Regarding the evolution of individuals with fitness values higher than 99.5%, it is possible to identify two patterns in Figure 7. The first one concerns the individuals created at the beginning of the rounds and maintained over the next generations; the second one is about individuals with good fitness that had some parameters changed (such as MINPTS, which does not directly influence fitness values), which helped to generate other excellent individuals.

4.5. Fitness

This section presents a scenario to analyze the fitness over the generations and rounds.

4.5.1. Fitness Evolution

The line graph matrix illustrated in Figure 8 shows the fitness evolution of the algorithms created over the generations for the Cleveland dataset. The test with this dataset generated five different algorithms: CLIQUE, DBSCAN, DENCLUE, DHC, and New. This new algorithm is formed by the building blocks ASH→AttractionTree→DensityTree. Thus, Figure 8 shows the changes in the fitness values for each generation during the rounds.

In the chart in Figure 8, 90% of the rounds reached the maximum fitness value between 100 and 150 generations, and the latest fitness growth occurred in generations 282 and 407. This may indicate the possibility that the initial parameters for the tool could be better defined. It is possible to analyze reducing the number of generations or the number of rounds.

Lines R3 and R6 represent the two rounds that had a change in fitness after 200 generations. The black circle on the line highlights the generation in which the fitness changed for these two cases—generation 282 and 407, respectively. Furthermore, this change in fitness after a “stabilization” can be analyzed to gather more details about it. However, it was observed that the change in fitness represented a minimal gain that is below 1%. Also, the green squares highlight the rounds with the best result. In these rounds, the solution that obtained the best result was the DHC algorithm with an average fitness above 99%. Additionally, analyzing the logs, for both examples, showed that the individual before the best one is the same algorithm type with different parameters. Thus, the stability analysis may depend on the problem under analysis, since such a small change can be considered irrelevant.

4.5.2. Average of the Fitness

The line chart in Figure 9 shows the average fitness values for individuals with a fitness different from 0% in each generation. The variability represented in the chart reinforces the diversity of the generated population, as individuals have a range of fitness values, considering their various parameters.

4.6. Compare Different Datasets

This section presents a scenario to analyze the tool’s result for different datasets.

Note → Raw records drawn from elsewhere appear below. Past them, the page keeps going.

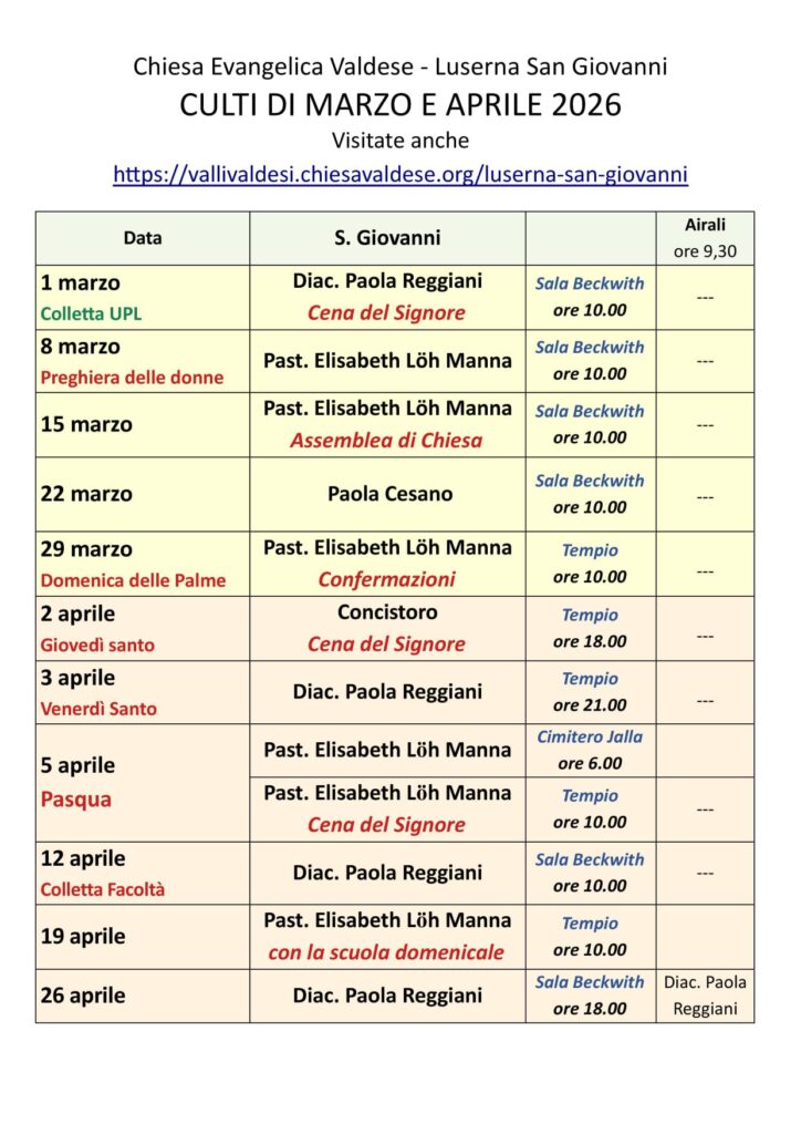 Calendario dei culti per i mesi di gennaio e febbraio 2026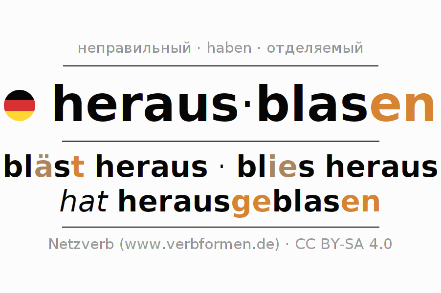 - Презенс: blas(e) (du) heraus, blasen wir heraus, blast (ihr) heraus, blasen Sie heraus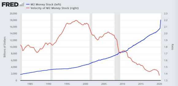 E qui subentra una terza ma fondamentale variabile, contenuta in questo grafico: di fatto, i cicli di Qe hanno sì garantito un aumento della massa monetaria M2, ma non il suo fluire nell’economia reale. Quell’aumento di stock si è sostanziato unicamente in deficit, una partita di giro fra Wall Street (principale e pressoché unica beneficiare reale dell’operatività straordinaria della Fed) e Washington, intesa come potere politico di ogni connotazione e colore di amministrazione federale succedutasi.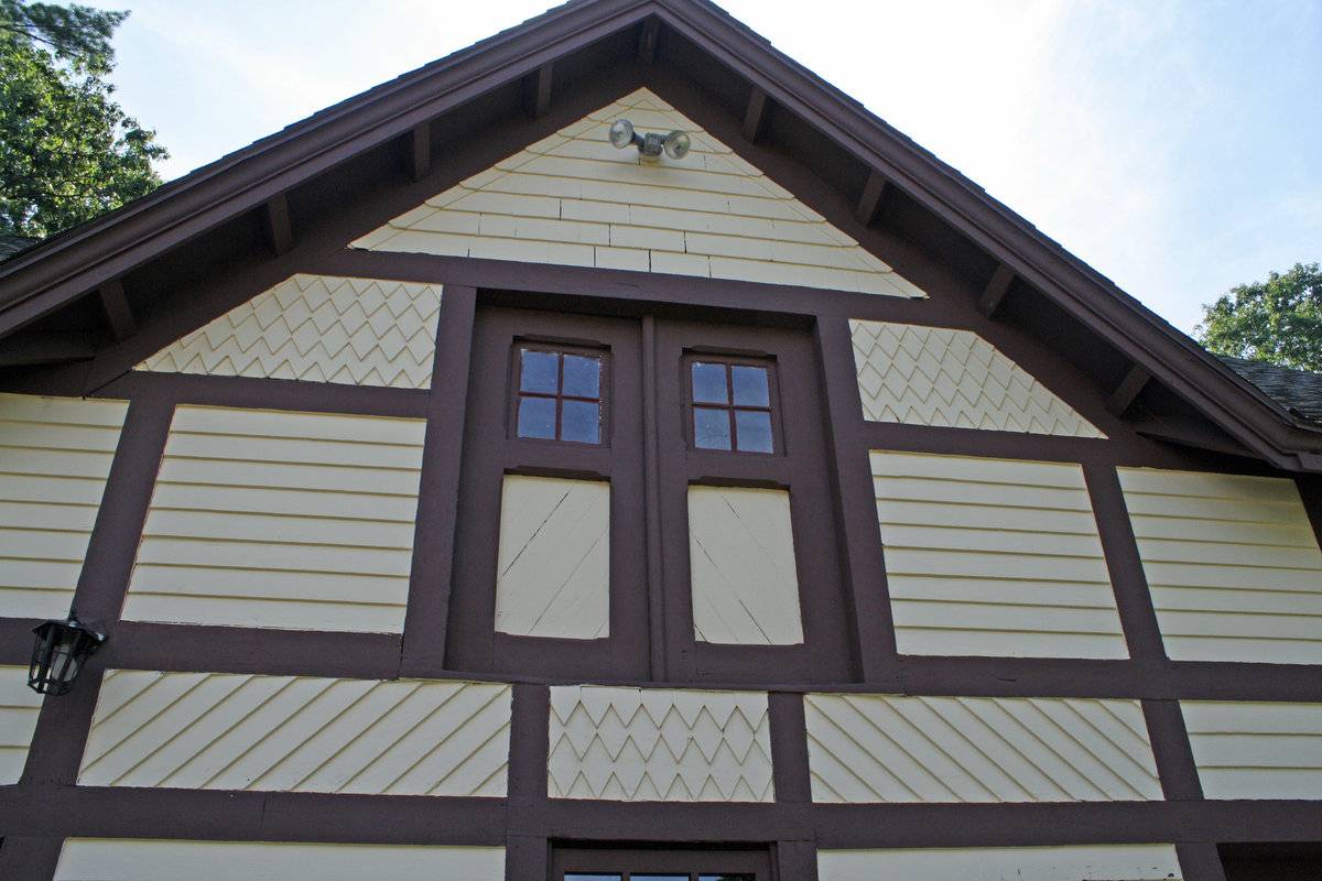 dormer has shingle siding, and below are panels of diamond-pointed shingle siding and of diagonal clapboard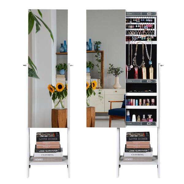 14 in. W x 15.7 in. L x 60 in. H White MDF Free Standing Jewelry Armoire with Mirror, Slide Rail and Shelve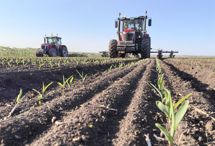 2025年5月23日,在北大荒集團黑龍江建設農場有限公司第三管理區(qū),農機工人駕駛搭載北斗衛(wèi)星導航自動系統(tǒng)的大型中耕深松機械,對剛出苗的玉米地塊進行深松放寒作業(yè)。新華社發(fā)(許穎獻攝)

Comparison of Algorithm Types in Different Datasets

Figure 10 presents the comparison of AutoClustering results for the Cleveland (highlighted in blue) and Glass Identification (highlighted in orange) datasets. TreeMap was set to group hierarchically by dataset name and algorithm name. The area size represents the occurrence of each algorithm type. The colors represent the fitness values. The green color highlights individuals with fitness equal to 100%, the yellow color highlights individuals with fitness values between 99.5% and 99.99%, and the red color highlights individuals with fitness values equal to 0%. Furthermore, a filter was performed to include only individuals with fitness values greater than 75% and fitness equal to 0%.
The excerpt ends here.